The new port would cost either $4 billion or $4.7 billion, depending on the pace of transitioning freight from the existing inner harbour in Fremantle.

The figure would include transport upgrades but not land acquisitions, according to the Westport task force.

By comparison, Mr McGowan said continued operation of the Fremantle Ports inner harbour would need investment of $8 billion, long term.

That included redeveloping the existing berths in the 2040s, and capacity investments into the freight network.

The breakdown was $2.3 billion for upgrading the road network servicing Fremantle, $2 billion for Roe 8 and 9, $500 million for a last mile into the port, $1.4 billion to duplicate and sink the rail line and $2 billion for port works including dredging.

Although the taskforce did not assess the cost of a potential Roe Highway extension into the port, chair Nicole Lockwood estimated the price tag would be similar.

The Westport task force estimated a cost benefit ratio for a new development of between 1.55 and 1.76, depending on the option selected.

For context, it had been reported that the Roe 8 project would have a cost benefit ratio of around 2.5, although it is unclear whether that analysis used the same assumptions.

Mr McGowan emphasised the government’s long-term vision.

“We are uniquely positioned to be able to have a port that takes traffic away from the city,” Mr McGowan said.

“There will need to be a new port, it will have to happen.

“The real question is, do you want to spend billions on a port funneling traffic into the city [Fremantle]?”

When asked if a public-private partnership would be considered for the project, Mr McGowan said it would be publicly owned and operated.

The new port would also shave about $100 per container unit off export freight costs, according to the state government, representing a saving of around a third.

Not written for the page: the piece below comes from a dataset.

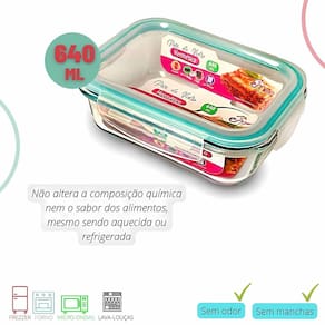 Pote Vidro Retangular 640ml Hermético Travas Quality House Mantenha sua cozinha organizada e seus alimentos sempre frescos com o Pote Vidro Retangular 640ml da Quality House. Feito em vidro borosilicato extra resistente, este pote é ideal para quem busca praticidade, segurança e durabilidade no armazenamento de alimentos. Com uma tampa hermética equipada com 4 travas e anel de vedação em silicone, este pote assegura a conservação dos alimentos, evitando vazamentos e mantendo o frescor por mais tempo. Diferenciais do Produto: - Vidro Borosilicato Extra Resistente: Material que suporta mudanças bruscas de temperatura e choques, garantindo a durabilidade e longevidade do produto. - Tampa Hermética com Travas: Com um sistema de vedação em silicone, o pote evita vazamentos e preserva o sabor e frescor dos alimentos. - Versatilidade e Segurança: Pode ser Utilizado em lava-louças e micro-ondas, proporcionando praticidade no aquecimento e na limpeza. - Design Compacto e Moderno: Empilhável e elegante, ideal para otimizar espaço na sua cozinha. Ficha Técnica: - Produto: Pote Vidro Retangular 640ml Tampa Hermética Travas Quality House - Material: Vidro Borosilicato, Silicone, Plástico - Capacidade: 640ml - Formato: Retangular - Dimensões: 7cm x 13cm x 18cm - Cor: Transparente com tampa em plástico resistente - Segurança: Sistema hermético com 4 travas e anel de silicone removível 1. Posso usar o pote no forno Não, este pote é adequado para micro-ondas, freezer e lava-louças, mas não é indicado para uso em forno convencional. 2. A tampa realmente evita vazamentos Sim, a tampa possui um anel de vedação em silicone e 4 travas que garantem uma vedação perfeita, evitando qualquer tipo de vazamento. 3. O vidro borosilicato é seguro para armazenar alimentos Sim, o vidro borosilicato é um material seguro, livre de BPA e ideal para armazenar alimentos, mantendo-os livres de substâncias tóxicas. 4. O pote pode ser colocado diretamente no micro-ondas após ser retirado do freezer Sim, o vidro borosilicato é resistente a choques térmicos, mas recomenda-se seguir as instruções de uso para garantir a segurança e durabilidade do produto. 5. Como devo limpar o pote O pote pode ser lavado à mão ou na lava-louças. A tampa deve ser lavada com cuidado, evitando o uso de materiais abrasivos. 6. O produto tem Sim, nossos produtos possuem . O período de varia de acordo com o fabricante e o tipo de produto. Consulte a descrição do produto para mais informações. 7. O produto é novo ou Utilizado 8. Posso rastrear meu pedido Sim, após a confirmação da compra,a própria plataforma fornecerá todos os dados de rastreamento para acompanhar a entrega do seu pedido. 9. Posso retirar o produto em algum lugar Atualmente, não oferecemos a opção de retirada em local físico. Todos os nossos produtos são entregues diretamente na sua casa. Garanta o seu Pote Vidro Retangular 640ml da Quality House e transforme a organização e o armazenamento na sua cozinha com qualidade e elegância.

Ports Minister Alannah MacTiernan emphasised this would support the competitiveness of the state’s exporting industries longer term.

“We can’t allow our exporting industries to suffer because we have 20th century infrastructure,” Ms MacTiernan said.

Westport and the extension of Roe Highway could well be a key battleground in the lead up to a state election in March 2021.

Shadow transport minister Libby Mettam told Business News it was already well known that a new port would be needed, and criticised the lack of immediate action to fix congestion in Perth’s south.

“The outer harbour was meant to be the government’s answer to addressing congestion issues,” Ms Mettam said.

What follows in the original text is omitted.